Premium
Distinguishing metastatic triple‐negative breast cancer from nonmetastatic breast cancer using second harmonic generation imaging and resonance Raman spectroscopy
Author(s) -
Bendau Ethan,
Smith Jason,
Zhang Lin,
Ackerstaff Ellen,
Kruchevsky Natalia,
Wu Binlin,
Koutcher Jason A.,
Alfano Robert,
Shi Lingyan
Publication year - 2020
Publication title -
journal of biophotonics
Language(s) - English
Resource type - Journals
SCImago Journal Rank - 0.877
H-Index - 66
eISSN - 1864-0648
pISSN - 1864-063X
DOI - 10.1002/jbio.202000005
Subject(s) - triple negative breast cancer , breast cancer , mammography , cancer , medicine , ex vivo , second harmonic generation , pathology , cancer research , in vivo , biology , physics , optics , laser , microbiology and biotechnology
Abstract Triple‐negative breast cancer (TNBC) is an aggressive subset of breast cancer that is more common in African‐American and Hispanic women. Early detection followed by intensive treatment is critical to improving poor survival rates. The current standard to diagnose TNBC from histopathology of biopsy samples is invasive and time‐consuming. Imaging methods such as mammography and magnetic resonance (MR) imaging, while covering the entire breast, lack the spatial resolution and specificity to capture the molecular features that identify TNBC. Two nonlinear optical modalities of second harmonic generation (SHG) imaging of collagen, and resonance Raman spectroscopy (RRS) potentially offer novel rapid, label‐free detection of molecular and morphological features that characterize cancerous breast tissue at subcellular resolution.

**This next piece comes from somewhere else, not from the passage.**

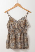 Sale Khaki Paisley Printed Spaghetti Strap V Neck Smocked Babydoll Tank Top
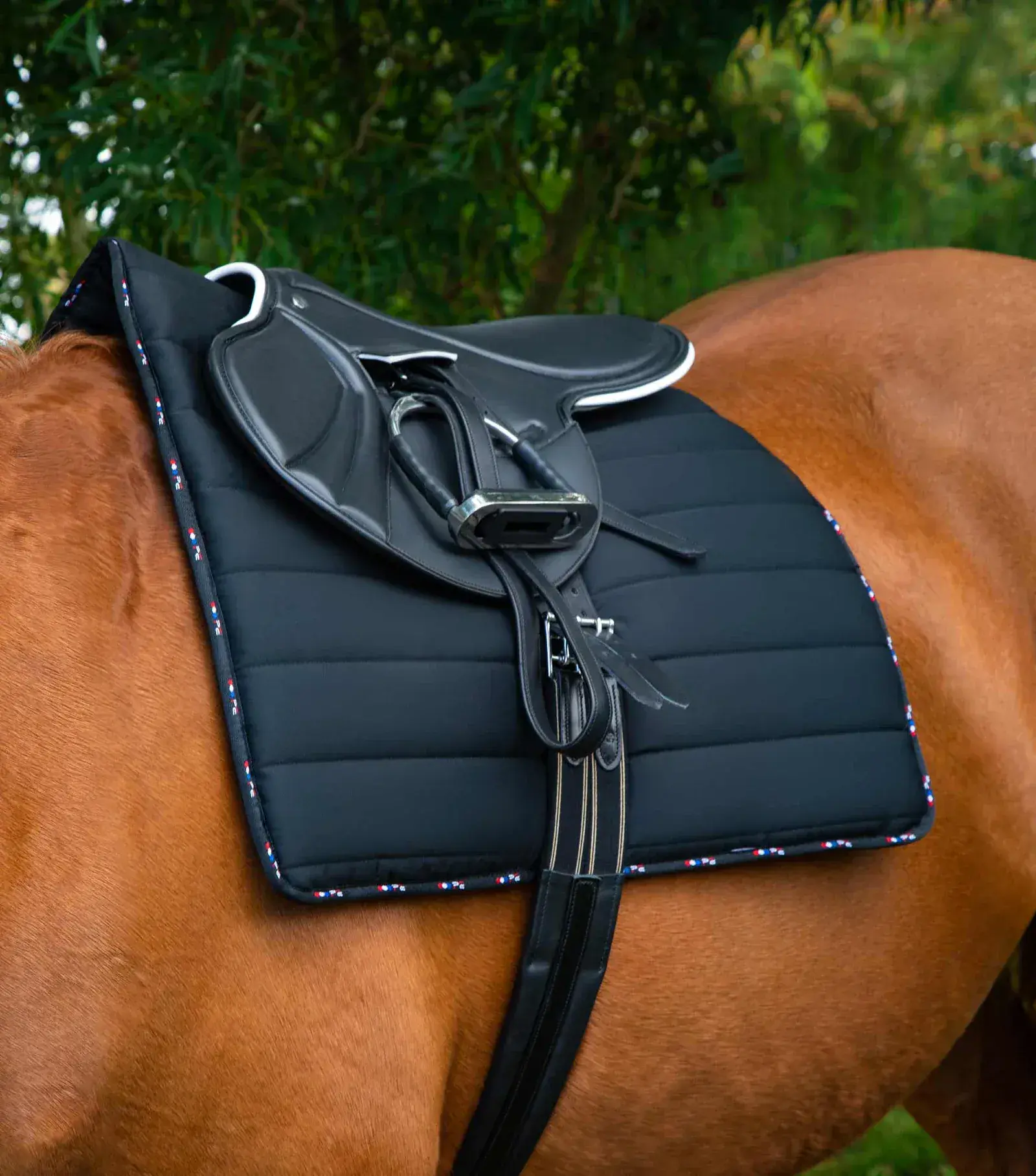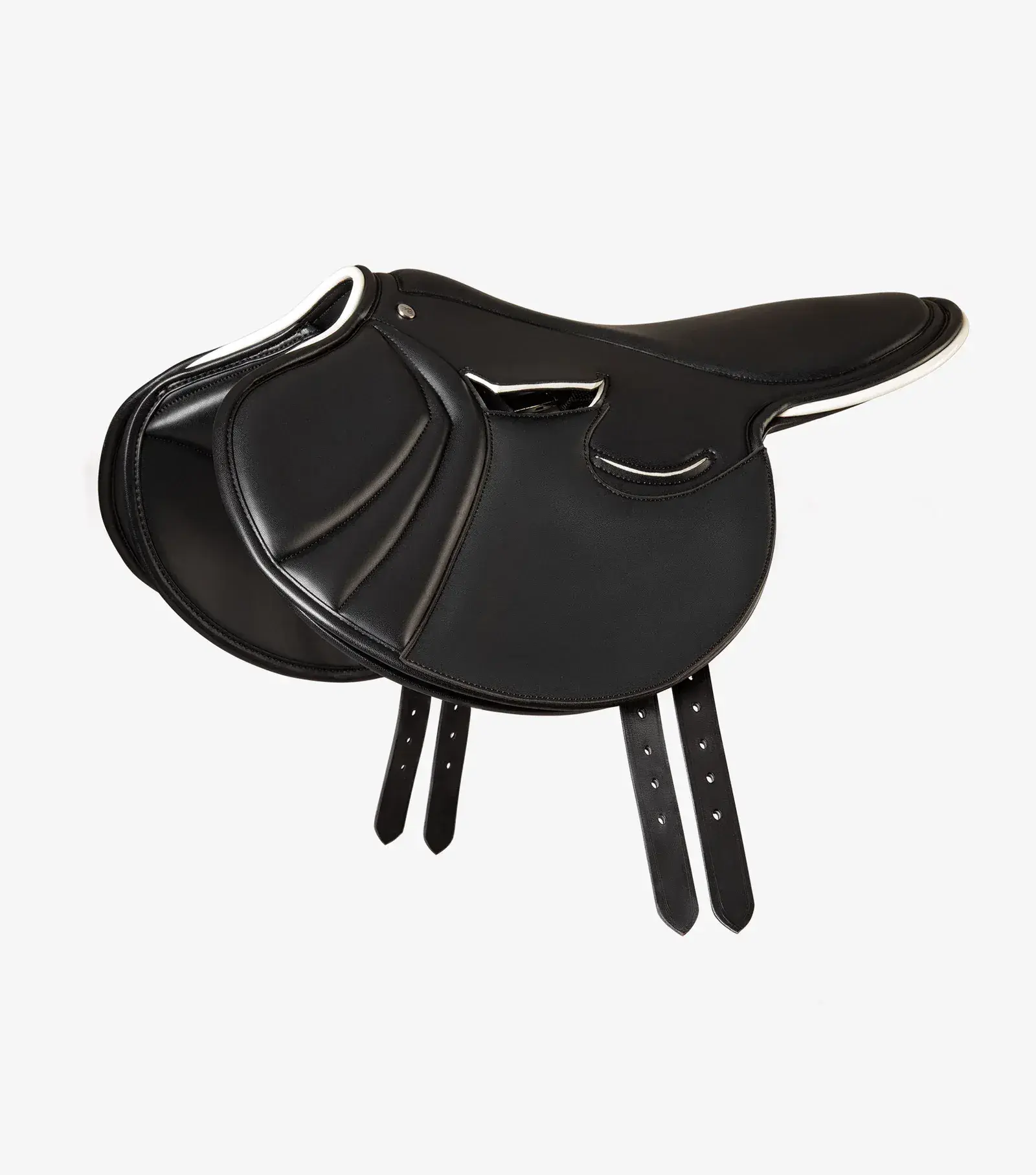 Stainless-steel safety flick stirrup bars offer a safe and easy way to attach and remove your stirrups, covered by a synthetic leather skirt. Two detachable 25mm leather girth straps offer adequate girthing for extra security. Deeper saddle flaps offer better coverage over the girth buckle when horse is saddled. Wide panels have been incorporated for maximum shoulder movement, and a large load bearing area and padding reducing impact on the spine and top-line of the horse.Â

In this study, we first applied MR methods to measure the whole‐tumor characteristics of metastatic TNBC (4T1) and nonmetastatic estrogen receptor positive breast cancer (67NR) models, including tumor lactate concentration and vascularity. Subsequently, we employed for the first time in vivo SHG imaging of collagen and ex vivo RRS of biomolecules to detect different microenvironmental features of these two tumor models. We achieved high sensitivity and accuracy for discrimination between these two cancer types by quantitative morphometric analysis and nonnegative matrix factorization along with support vector machine. Our study proposes a new method to combine SHG and RRS together as a promising novel photonic and optical method for early detection of TNBC.